A large group of visitors was touring the sprawling site on Friday (Sept. 15), with Dicklands Biogas as one of three locations featured on the 2023 Chilliwack Agricultural Tour.
Waste, like livestock manure and local food waste, is transformed into biogas in air-tight tanks through fermentation.
“I don’t like to say that we’re particularly innovative because everything that you’re going to see here, I saw somewhere else,” Dick explained.
They’ve been putting the “puzzle pieces” of creating a biogas plant together for 13 years.
The massive tanks dominate the view at the farm, and they contain anaerobic digesters which take in the manure and organics, and produce the biogas.
The digester tanks were full of dairy manure, and chicken manure last week, as well as food waste from neighbouring farms.
Dick told the crowd they would also love an opportunity to take all of the City of Chilliwack’s 12,000 tonnes of food waste. But that would only become possible one day if the yard waste was separated from the rest of the materials, since the digesters can’t handle any woody, fibrous materials.
In the meantime, neighbouring farms have been trucking in their excess manure, and food waste, and offloading at Dicklands, so the biogas plant is solving some environmental problems for other farms as well.
“The farms around me are really excited about it because maybe they’ll just send me 10 per cent of their manure, or maybe they’ll send me 15 per cent of their manure. But it will just be enough to bring them into balance,” Dick said. And for some that’s all they need.
This is how the company encapsulates its business description in marketing: “Our biogas plant protects air, water, and soil by converting manure and food waste into renewable natural gas and organic fertilizer pellets, all while reducing GHG emissions.”
Scott Gramm, Fortis BC’s manager of renewable gas supply, said the family began the venture with feasibility studies in 2010.
Within two years, FortisBC signed a long-term agreement with them to buy energy from Dicklands.

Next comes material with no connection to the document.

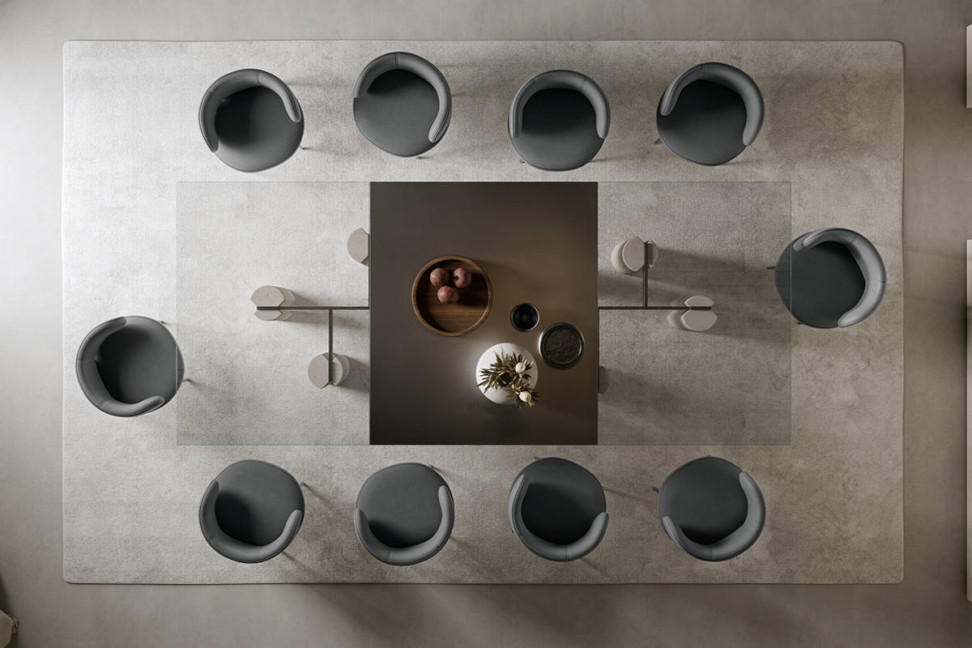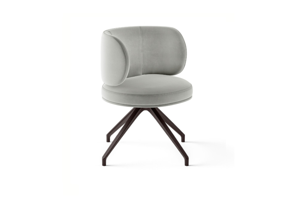 The Akiko chair by Gallotti&Radice, bears the signature of designers Oscar and Gabriele Buratti and is characterised by a line reminiscent of traditional oriental furniture. This chair has an upholstered seat and backrest covered in fabrics and leathers from the sample collection; the base is in metal, and is available with a warm grey finish.

The biogas would be piped right into the utility’s natural gas pipelines from equipment installed at the farm.
“At the time there was only one project in B.C., just barely in operation,” Gramm said about the state of the industry when the Dick family began looking at the possibilities in 2010.

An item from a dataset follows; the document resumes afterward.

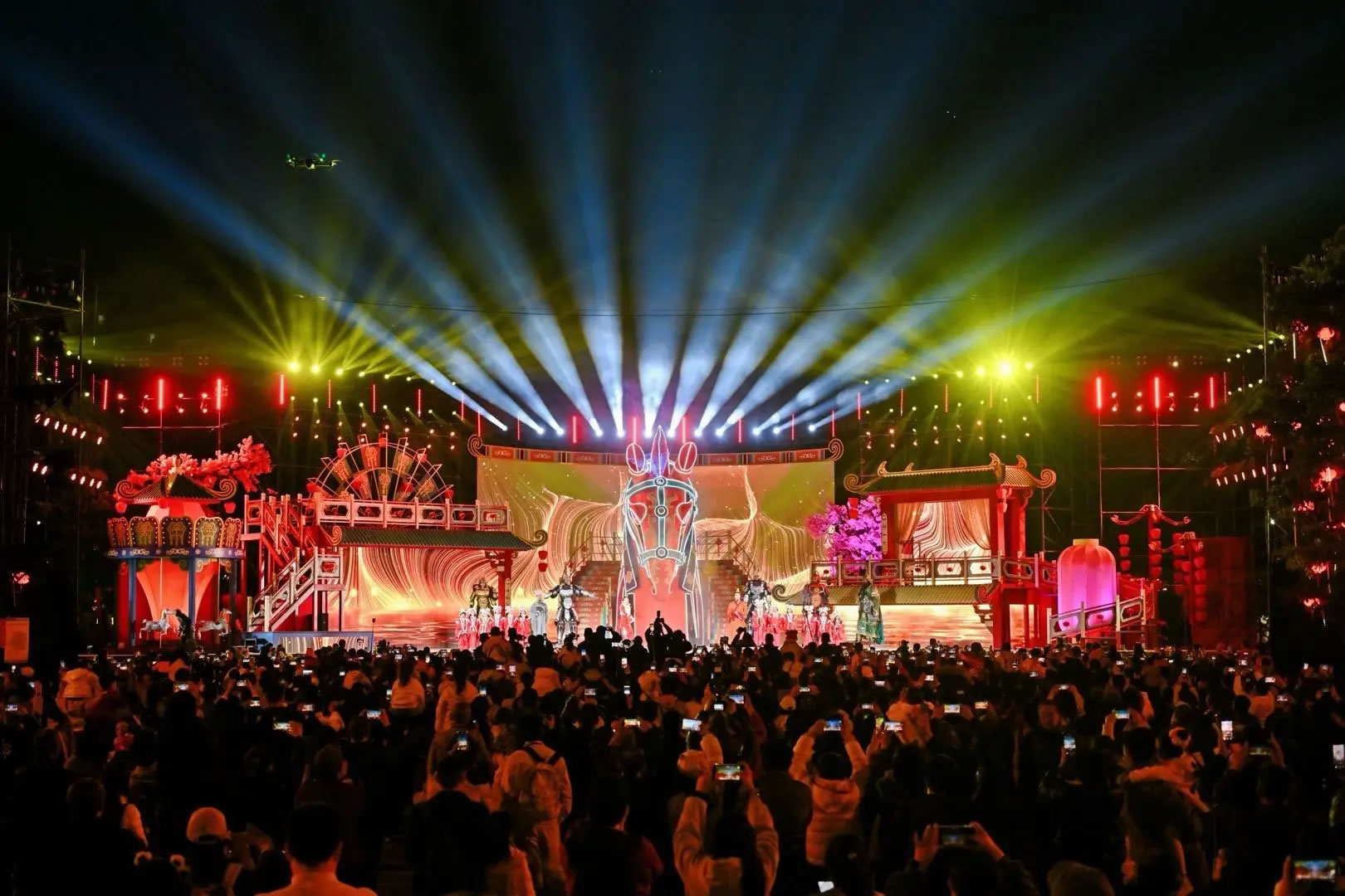 成都市圍繞“九天開出一成都·萬戶千門入畫圖——到成都街頭走一走”核心主題,持續(xù)開展主題活動(dòng)130余場次,共同營造活力滿滿、熱氣騰騰的新春喜慶氛圍。宜賓作為中央廣播電視總臺(tái)2026年春節(jié)聯(lián)歡晚會(huì)四大分會(huì)場之一,合江門廣場、501白酒文化圣地、李莊古鎮(zhèn)等重點(diǎn)景區(qū)景點(diǎn)亮相全國熒幕。達(dá)州市突出科技民俗盛宴點(diǎn)亮除夕夜,渠縣“科技盛景,廟會(huì)新元”國風(fēng)廟會(huì)盛大開幕,融合無人機(jī)光影秀、AI機(jī)器人互動(dòng)秀、直升機(jī)低空巡景與廟會(huì)馬戲團(tuán),打造沉浸式科技民俗體驗(yàn)。南充市閬中古城作為中國春節(jié)文化之鄉(xiāng),創(chuàng)新推出新春大廟會(huì)、五湖四海閬苑過大年、2026閬中春節(jié)聯(lián)歡會(huì)等特色文旅活動(dòng)。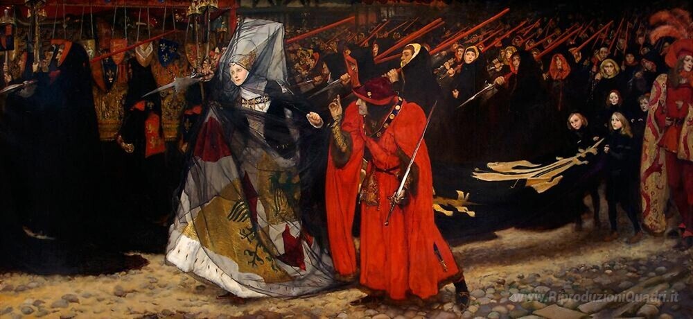 Ti offriamo una riproduzione artigianale su tela dell'opera famosa 'Riccardo, duca di Gloucester, e la Lady Anne' di Edwin Austin Abbey, dal Museo delle Riproduzioni.

There were only 30 existing biogas facilities anywhere on the continent.
Now Dicklands is one of seven biogas projects operating in B.C., with more than 300 across North America.

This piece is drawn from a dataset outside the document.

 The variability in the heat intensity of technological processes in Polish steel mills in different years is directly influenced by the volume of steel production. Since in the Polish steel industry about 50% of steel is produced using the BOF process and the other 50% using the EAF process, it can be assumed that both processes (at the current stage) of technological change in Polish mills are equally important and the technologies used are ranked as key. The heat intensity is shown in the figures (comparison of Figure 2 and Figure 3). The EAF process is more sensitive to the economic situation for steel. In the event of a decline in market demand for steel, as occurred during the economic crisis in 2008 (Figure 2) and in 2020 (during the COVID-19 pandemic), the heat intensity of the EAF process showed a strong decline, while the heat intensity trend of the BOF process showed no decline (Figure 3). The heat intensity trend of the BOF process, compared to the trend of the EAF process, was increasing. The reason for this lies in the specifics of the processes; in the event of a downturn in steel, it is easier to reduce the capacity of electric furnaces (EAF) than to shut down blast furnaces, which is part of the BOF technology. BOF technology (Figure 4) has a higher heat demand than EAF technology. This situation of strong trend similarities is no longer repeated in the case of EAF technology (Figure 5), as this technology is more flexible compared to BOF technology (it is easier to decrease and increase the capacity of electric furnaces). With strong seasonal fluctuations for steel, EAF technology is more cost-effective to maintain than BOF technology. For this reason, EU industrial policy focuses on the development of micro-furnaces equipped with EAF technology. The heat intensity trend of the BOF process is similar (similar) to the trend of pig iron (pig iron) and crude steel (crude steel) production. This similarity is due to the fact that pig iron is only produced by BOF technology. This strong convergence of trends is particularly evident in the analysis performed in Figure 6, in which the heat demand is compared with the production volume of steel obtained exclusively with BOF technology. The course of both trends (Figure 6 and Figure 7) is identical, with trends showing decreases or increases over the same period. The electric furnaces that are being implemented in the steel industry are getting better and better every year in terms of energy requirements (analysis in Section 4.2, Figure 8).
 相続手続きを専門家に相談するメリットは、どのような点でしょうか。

“These guys faced all manner of hurdles over this last decade or so,” Gramm told the crowd. “And the thing is every door they knocked on for every new permit, they’d have to explain what biogas is.”
The family persevered and were transparent throughout the process in getting a long-term agreement with Fortis BC.
”This in fact is the biggest and highest producing facility today in the province,” Gramm said.
Their status as the largest in B.C. will at some point be eclipsed by two landfills equipped with new biogas plants coming online in Vancouver and Victoria, he noted. But Dickland Biogas will still remain the largest biogas facility on farmland.
The 2023 Ag Tour on Sept. 15 in Chilliwack started out with a visit to Rainbow Greenhouses, continued on to Dicklands Biogas, and then to Farmhouse Brewing Co.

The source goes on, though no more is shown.